The water came up fast. On Wednesday morning at about two thirty, my fire department pager went off requesting assistance evacuating a neighborhood in our district that sits along the Chena where it runs into the already flooded Tanana. I listened to the chatter over the pager for a few minutes and determined, a little guiltily, that there was quickly more manpower than vehicles and decided to forego the twenty minute drive to the station.

Thursday night, I showed up for my shift and was immediately requisitioned along with three other volunteers and two canoes to do a door-to-door paddle and determine what residents had decided to wait out the flood, see if they wanted out or needed anything. We loaded our gear and headed down to the borough's incident command post (incidentally, in the Paramedic Academy building that will be my life in ten days) to get instructions, hip waders and heavy rubber gloves.

We were out canoing down streets and up to flooded houses until one in the morning. The water wasn't moving very fast, but it was nasty. Fumes from diesel and heating oil slicks made me dizzy, but that wasn't as bad as the ooze from flooded septic systems and outhouses. I was very, very thankful for hip-waders and gloves. I didn't get many good pictures - I only took the small digital camera, and what with the rain-cloud gloom and our continuing distance from solstice, they didn't come out very well. Besides, I was spending most of my energy trying to avoid downed trees and submerged cars with canoes, and determine which gaps in the trees were driveways that needed to be explored.

For the most part, the raised foundations made to avoid melting permafrost kept houses from being ruined. Power was still on, and in most of the houses that were still occupied folks were watching cable TV and seemed unconcerned about the water inches below their floorboards. Yards told a different story, however, as we navigated submerged cars, flooded workshops and floating freezers full of a summer's catch of salmon heading out towards the Yukon.

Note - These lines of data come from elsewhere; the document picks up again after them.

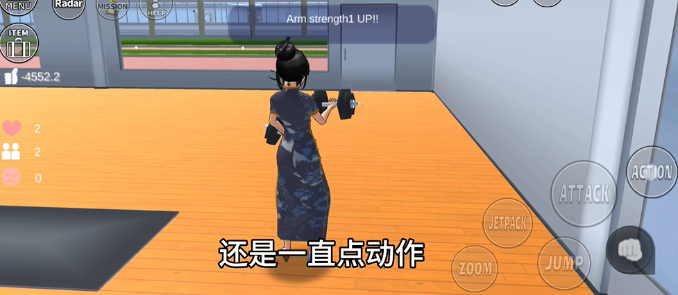 7、与训练项目互动,一直点ACTION,会发现我们的角色在刚刚的体操服之间来回切换,这里就是顺利卡好了BUG,可以打断动作前后摇,提升速度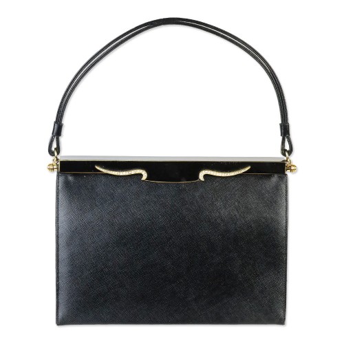 This Prada mini top-handle bag is a timeless evening essential, crafted from luxurious “Raso” black satin for a sleek, high-sheen finish. Featuring the iconic enameled metal triangle logo and polished silver-tone hardware, this compact silhouette offers a modern, minimalist take on 90s-inspired luxury.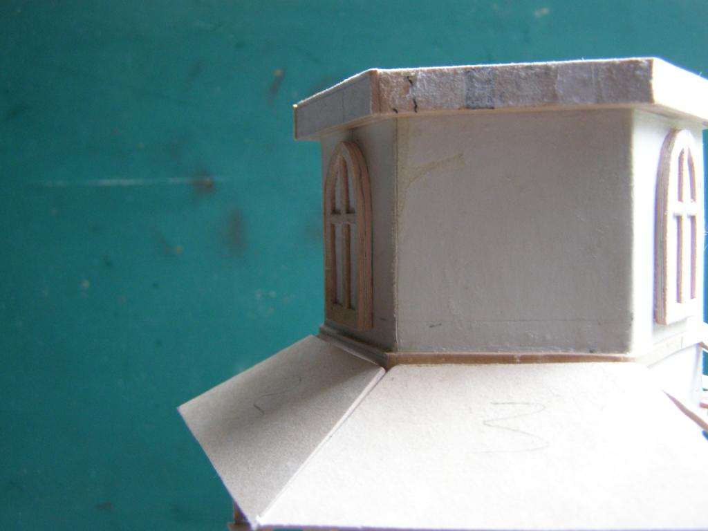 Сегодня занимался секциями крыши балкона, также сделал окна третьего этажа.. Вот только решил проемы сделать объемными. окна занимают свои стороны на гранях двери и окон первого этажа.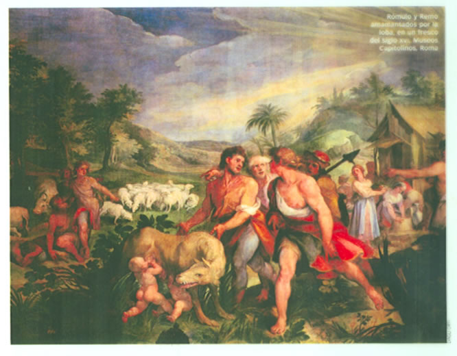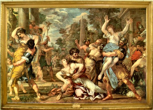 Ròmul també va crear un lloc d’asil on s’aplegaren els fugitius d’altres llocs per augmentar-ne així la població, va constituir tres tribus, de cadascuna de les quals elegia 100 cavallers i 100 senadors, va tramar el rapte de les sabines (imatges 1, 2, 3, 4, 5, 6, 7) perquè la comunitat no tenia dones i, causa d’aquest fet, els romans s’uniren amb els sabins.

[lt. gelvin attempting contact from our canoe]


[flooded rv & cars]

We found a few elderly folks who had survived the great flood of '67 and were pretty nonchalant about ruined gardens and yards full of river silt. Almost everyone had a canoe tied up to their porch railings, plenty of fresh water and food. Some had even managed to get cars out to higher ground before the water came up, and had been canoing out to work every day. It was, over all, a pretty mellow disaster.

I'm headed down to Valdez to help a friend move. I'll be back to post more journals from the fire on Wednesday.